Василиса Сергевна перетянулася злобами:

— Жизнь такова: это вы улетаете все в эмпиреи свои, не принявши в расчет — скажу я, — что у Наденьки нет выездного парадного платья.

— Мой друг, — и профессор подкинул свой ножик, — то — мелочи; ты посмотри-ка — вот алгебра, приподымается буквой над цифрой, — наставился носом на муху; тогда Василиса Сергевна заметила:

— Мы-то — не цифры: у Задопятова сказано… И зачитала она:

Тебе внятно поведают взоры,
Ты его не исчислишь числом, —
Тот порыв благородный, который
Разгорается в сердце моем…

— Задопятову я вышиваю накнижник.

— Опять Задопятов!

— Ну, что ж, — вышивай: хоть… набрюшник!

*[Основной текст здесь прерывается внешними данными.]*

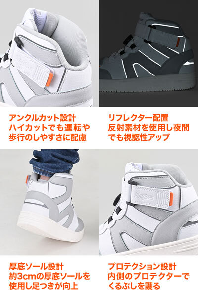 | ●歩きやすさ+ライディングのしやすさを追求。急な雨でも安心なスニーカースタイルの防水ライディングシューズ。着脱が容易なリールシステムとアンクルベルトで、好みのホールド感に調節できます。くるぶしにはプロテクターを内蔵。足首後ろは歩きやすいアンクルカット。夜間の視認性アップのため、パイピングは反射素材を採用。ソールはフラット形状ながら滑りにくく、インソールはパンチングタイプを採用し、防水仕様による蒸れやすさを低減。甲高幅広が多い日本人に適した2E相当の幅広設計です。 ■仕様 ・カラー:ホワイト ・サイズ:24.5cm ・素材:アッパー - PU/ナイロン/防水フィルム ソール - 合成ラバー ※アッパーとライニングの間に防水加工を施してあるため、急な雨でも水の浸入を防ぎます。 ※完全防水ではありません。 ※サイズ・色交換は承れません。ご注文前に必ずサイズ・色をご確認下さい。 ※取り寄せ品 |

Стоногие топы пошли коридором, наткнулись на Митю:

— Ну, кто — дело ясное — спрашивал?

— Спрашивали… по русскому языку…

— Ну и, собственно говоря, что же ты?

Митя знал, что с «четверками» сына не мог бы никак помириться отец, что на «тройки» кричал бы, от «двойки» бы слег; Митя — вспыхивал, супился, грыз заусенцы.

— Я… пять… получил…

— Ясное дело: что ж ты одежду разъерзал! Мазуля! И в серые сумерки, где выступали коричнево-желтые

переплеты коричнево-серого шкапа, профессор прошел псовой мордою; там со стола пепелилось растлением множество всяких бумаг, бумажонок, бумажек, бумажечек — черченых и перечерченных; щупал мозольный желвак (средний палец на правой руке) и бумажки надсверливал глазками (перечеркнуть перечерки последнего вычисления в перепере… и так далее); суетуном потопатывал он.

И копался, трясясь жиловатой рукой над полкой, отыскивая ему нужное издание Бэна; стоял — второй том; первый том — чорт дери — провалился сквозь — чорт дери — землю. С недавнего времени взял на учет один факт: исчезала за книгою книга; математические сочинения оставались нетронутыми; все же прочие трогала чья-то рука.

Тут, надтуживая себе жилами лоб и испариной орошая надлобные космы, затрескал он дверцами книжного шкапа, бросался на книги, расшлепывая их все кое-как друг на друге и кое-как вновь их бросая на полки: да, да — Бэн пропал; и — некстати весьма; меж страницами он хоронил вычисленья, весьма-весьма нужные (письменный стол был набит):

— В корне взять, — чорт!

И гиппопотамом потыкался, охая, — от полки к полке; от кресельных ручек — к столу; там очки закопал в вычислениях; и — слава богу — вздохнул, отыскавши очки… — у себя на носу.

А в окошке — стояла брусничного цвета заря; но брусничного цвета заря — предвещала дожди.

Он устраивал смотр интегралам.

В их ворохе вызрело математическое открытие, допускающее применение к сфере механики; даже — как знать: применение это когда-нибудь перевернет всю науку, меняя предел скоростей — до… до… скорости — чорт подери — светового луча.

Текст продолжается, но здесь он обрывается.